Venture capital investments in India have dropped to $2.2 billion in the first quarter of 2020—down from $6bn the previous quarter—as the country’s tech industry struggles with a downturn in capital risk and the onslaught of the Coronavirus pandemic.
According to the Pulse Report by KPMG, 2019 saw a record $14.5bn pumped into the Indian economy across 909 deals. Yet this term has seen interest dry, as companies focus on staying afloat amid a nationwide lockdown that is surpassing its first month in action.
“Initially, India was not as affected by COVID-19 in Q1 ’20 compared to China,” writes the report. “Concerns related to the pandemic grew later in the quarter, due in part to the fact (that) India receives a significant amount of VC investment from international VC firms and corporates.”
Indian tech giants had already suffered a share price hit upon the news that United States President Donald Trump was pondering a suspension of the H1-B visa program. The H1-B is favored by tech firms, and over two-thirds of its holders are Indian.

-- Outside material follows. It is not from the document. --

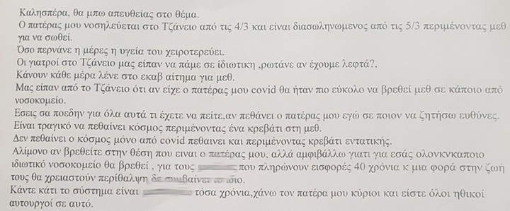 Χαρακτηριστική είναι η επιστολή πολίτη, του οποίο ο πατέρας έχει διασωληνωθεί στο "Τζάνειο" από τις 5 Μαρτίου και περιμένει να βρεθεί ΜΕΘ. Η επιστολή απευθύνεται στην Ομοσπονδία εργαζομένων στα νοσοκομεία (ΠΟΕΔΗΝ) και παρατίθεται πιο κάτω.

India has not suffered effects on a par with the US or some parts of Europe: it has reported just under 30,000 cases and 937 deaths so far. Speculation abounds as to why that is, from the severity of the lockdown—which in some cases saw police assault those suspected to be breaking it—to the hot subcontinental climate.
But that has not saved India’s economy from a downturn. The country’s government in Delhi recently adjusted its foreign direct investment norms, seeking approval for investments arriving from border neighbors including China. Two-thirds of India’s unicorn startups—private firms valued at $1bn or more—have at least one Chinese investor.
“While the pipeline for deals is expected to remain relatively robust in India, deal flow is expected to become very slow, particularly in Q2’20,” the report added.